Once in the criminal justice system, these hardcore illegal campers should be offered a choice between the program or prison – their choice. We can rescue the parkway and these poor souls at the same time, and we must do so now before the only thing left of our beautiful parkway is ashes.
It’s a tragedy for the parkway
This column nails it. It really is that bad down on the American River Parkway, and Erika Smith repeats what North Sacramento and Woodlake residents have been saying for years about their area of the parkway.
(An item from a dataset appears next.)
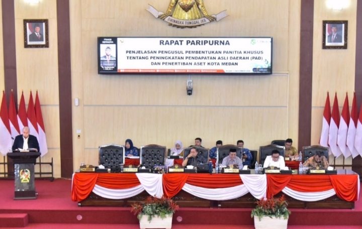 DPRD Kota Medan menggelar Rapat Paripurna dalam rangka Penjelasan Pengusul Pembentukan Panitia Khusus tentang Peningkatan Pendapatan Asli Daerah (PAD) dan Penertiban Aset Kota Medan, Senin (10/11/2025).

It really is all about the parkway and what’s happening to it. The tragedy of Sacramento homelessness has been overwhelmed by the tragedy of the impact of the homeless on the parkway.
We offer two strategies; absolute, enforced, zero tolerance for illegal camping, and creating a homeless transformation campus at Depot Park capable of handling the homeless population in Sacramento.
David H. Lukenbill,
senior policy director,
American River Parkway Preservation Society
Sacramento, the city that cares
Finally, Erika Smith is shining a light on the biggest reason for homelessness, which is drug addiction. We, as a truly compassionate community, have a moral obligation to do what we can to help. Treatment for drug addiction doesn’t always work, but at least it offers a chance.
Silence in response to fires
Erika Smith, Marcos Breton and Supervisor Phil Serna all raise serious issues concerning the American River Parkway and the silence in response to the causes of fires and the homeless. All are correct to request public dialogue. A hot summer and the drought have created a perfect storm that threatens residents, public safety personnel and those who recreate on our parkway.
The board of directors of the American River Parkway Foundation understands the challenges of having a large river parkway adjacent to a densely populated urban setting. We also recognize that the county and the city have been trying to balance the rights of illegal campers with the needs of the parkway.
We support a renewed, open discussion about the challenges to our public safety personnel, the rights of illegal campers and other parkway users, and the protection of our natural resources.
Scott Wolcott, president
American River Parkway Foundation
Mary Navarro – I probably would let the homeless stay in the parkway but have rules. Set up designated campsites. Charities could help them with basic supplies. I would build park-type bathrooms and have a regular crew keep the area clean. These are people with serious mental health issues and need to be protected.
Tonya Alston – Homeless people need homes, social services and mental health care to help them reclaim their dignity. Not all homeless people are drug addicts. There are homeless people who work but cannot afford astronomical rents.
Kathy Allen – Create a public space with showers, bathrooms, small dwellings and other necessities where they can live. They aren’t going to go away, so stop pretending they are.
Paula Lomazzi – Most of the homeless population living on the parkway have been forced into hiding by the anti-camping ordinance. They have not been allowed to have portable toilets. Maybe a few people have been offered housing but probably not very many of them. That’s the answer to the problem – end the sleeping ban and find services, shelter and housing appropriate to their needs.